我有这两个表:
项
itemname description belongs
A1 some_text user1
A2 some_text user1
A3 some_text user1
A4 some_text user1
A5 some_text user1
A1 some_text user2
B2 some_text user2
运动
itemname start_date end_date belongs
A1 2013-02-01 2014-01-12 user1
A1 2014-08-14 NULL user1
A1 2014-10-15 2015-01-01 user1
A2 2013-08-03 2014-08-14 user1
A2 2014-08-14 NULL user1
A3 2013-08-02 2014-08-20 user1
A3 2013-12-05 2014-01-07 user1
A4 2013-07-15 2014-09-13 user1
A4 2014-09-13 NULL user1
A5 2013-07-15 2014-09-13 user1
A5 2015-03-11 2016-03-12 user1
A5 2016-03-12 2016-04-13 user1
A1 2015-08-01 2015-08-12 user2
B2 2015-08-13 2015-08-23 user2
我正在玩连接和最大(日期),但没有找到一个有效的解决方案。
user1的结果应如下所示:
itemname description belongs start_date end_date
A1 some_text user1 2014-08-14 NULL
A2 some_text user1 2014-08-14 NULL
A3 some_text user1 2013-08-02 2014-08-20
A4 some_text user1 2014-09-13 NULL
A5 some_text user1 2016-03-12 2016-04-13
如果没有行,我需要具有最高(最新,最新)end_date的行(移动):
end_date = NULL
如果有一行end_date = NULL,我需要这一行的那一行。
这里的难点是max(start_date)的排序不起作用,因为有时候在一个项目的另一个时间段内有一个时间段。
我希望你能理解我的问题。
来自德国的问候:)
答案 0 :(得分:1)
你需要这样的东西
查找每个itemname&的最新开始日期。 belongs组合然后将结果返回到最大开始日期以获得结果
SELECT i.itemname,i.description,i.belongs,m.start_date,m.end_date
FROM items i
JOIN movements m
ON i.itemname = m.itemname
AND i.belongs = m.belongs
JOIN (SELECT itemname,
belongs,
Max(COALESCE(end_date, start_date)) AS max_dt,
Max(end_date) AS max_end_dat,
Max(start_date) AS max_start_dat
FROM movements
GROUP BY itemname,
belongs) m1
ON m1.itemname = m.itemname
AND m1.belongs = m.belongs
AND ( ( m.end_date = m1.max_dt
AND m1.max_dt = m1.max_start_dat )
OR ( m1.max_dt = COALESCE(end_date, m.start_date)

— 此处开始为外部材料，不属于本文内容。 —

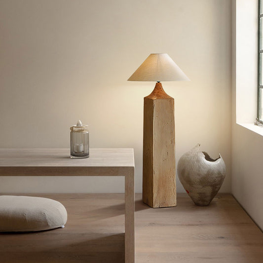 Retro 53" Column Solid Wood Floor Lamp With Beige Fabric Lampshade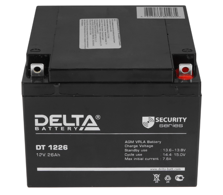 Delta DT 1226 с поддержкой напряжения 12 В произведен по технологии AGM. Она подразумевает применение микропористого заполнителя с пропиткой электролитом. Благодаря AGM выделяемый газ рекомбинируется до 99%.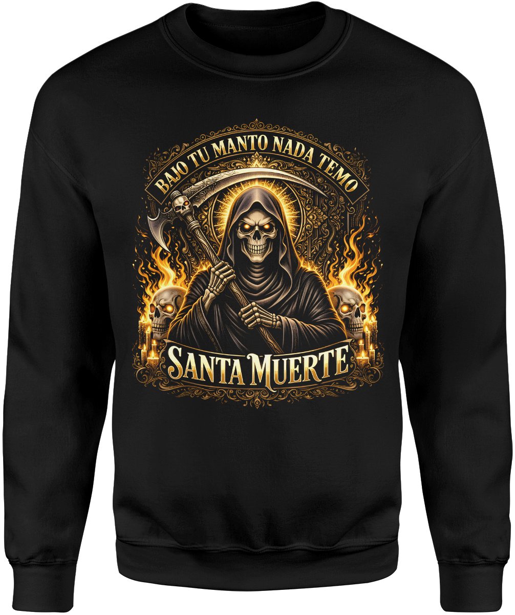 Santa Muerte złota postać śmierci kosa płomienie czaszki religijny mroczny motyw styl tattoo Męska bluza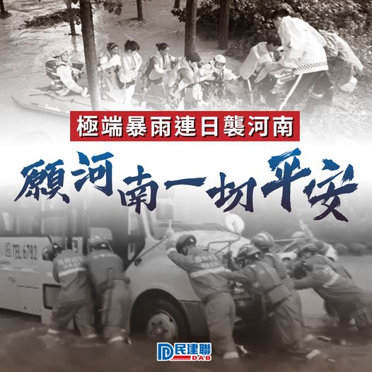 香港民建聯表示,祝願河南同胞一切平安,也為所有救援人員打氣!加油,河南撐住!

AND m1.max_start_dat <> m1.max_dt )
OR ( m1.max_dt = m.start_date
AND m1.max_end_dat <> m1.max_dt ) )
ORDER BY i.belongs,
i.itemname
更新:
SELECT i.itemname,
i.description,
i.belongs,
m.start_date,
m.end_date
FROM items i
JOIN movements m
ON i.itemname = m.itemname
AND i.belongs = m.belongs
JOIN (SELECT itemname,
belongs,
Max(start_date) AS max_dat,
'st' AS indi
FROM movements
WHERE end_date IS NULL
GROUP BY itemname,
belongs
UNION ALL
SELECT itemname,
belongs,
Max(end_date) AS max_dat,
'ed'
FROM movements m
WHERE NOT EXISTS (SELECT 1
FROM movements m1
WHERE m.itemname = m1.itemname
AND m.belongs = m1.belongs
AND end_date IS NULL)
GROUP BY itemname,
belongs) m1
ON m1.itemname = m.itemname
AND m1.belongs = m.belongs
AND ( ( m1.max_dat = m.start_date
AND indi = 'st' )
OR ( m1.max_dat = m.end_date
AND indi <> 'st' ) )
ORDER BY i.belongs,
i.itemname
如果RDBMS支持ROW_NUMBER窗口函数或APPLY运算符
答案 1 :(得分:1)
从一组记录中选择一条记录: 在所有方法中,您可以与Items表一起加入以获取额外信息。
方法-1使用自联接:
Select a.*
from yourTable as a
left join YourTable as b
on b.belongs = a.Belongs
and b.Item_Name=a.Item_Name
and b.Start_date>a.Start_Date
where b.Start_Date is null
方法-2,使用MaxDate。
with MaxDate as(
Select belongs, Item_Name, Max(Start_Date) as MaxDate
from yourTable
group by belongs, Item_Number
) select * from MaxDate as a
inner join YourTable as b
on b.belongs=a.belongs
and b.Item_Number=a.Item_Number
and b.Start_Date=a.MaxDate
方法-3,使用Row_Number标记组中的最后一条记录
with LastRec as(
select *,
Row_Number() over(partition by belongs, Item_number order by Start_date desc) as RN
From yourTable
) select * from LastRec
where rn=1
方法-4,使用子查询获取组中的最后一条记录。
Select * from your table as a
Where a.StartDate=(Select Max(Start_Date) from yourTable as b Where b.belongs=a.belongs and b.Item_Name=a.Item_Number)
答案 2 :(得分:0)
MySQL目前似乎没有ROW_NUMBER()窗口函数。
但它可以通过变量进行模拟。
在下面的示例中,计算@rn变量。
在MS SQL Server中,将通过ROW_NUMBER() OVER (PARTITION BY itemname,belongs ORDER BY coalesce(end_date,getdate()) desc, start_date desc)代替。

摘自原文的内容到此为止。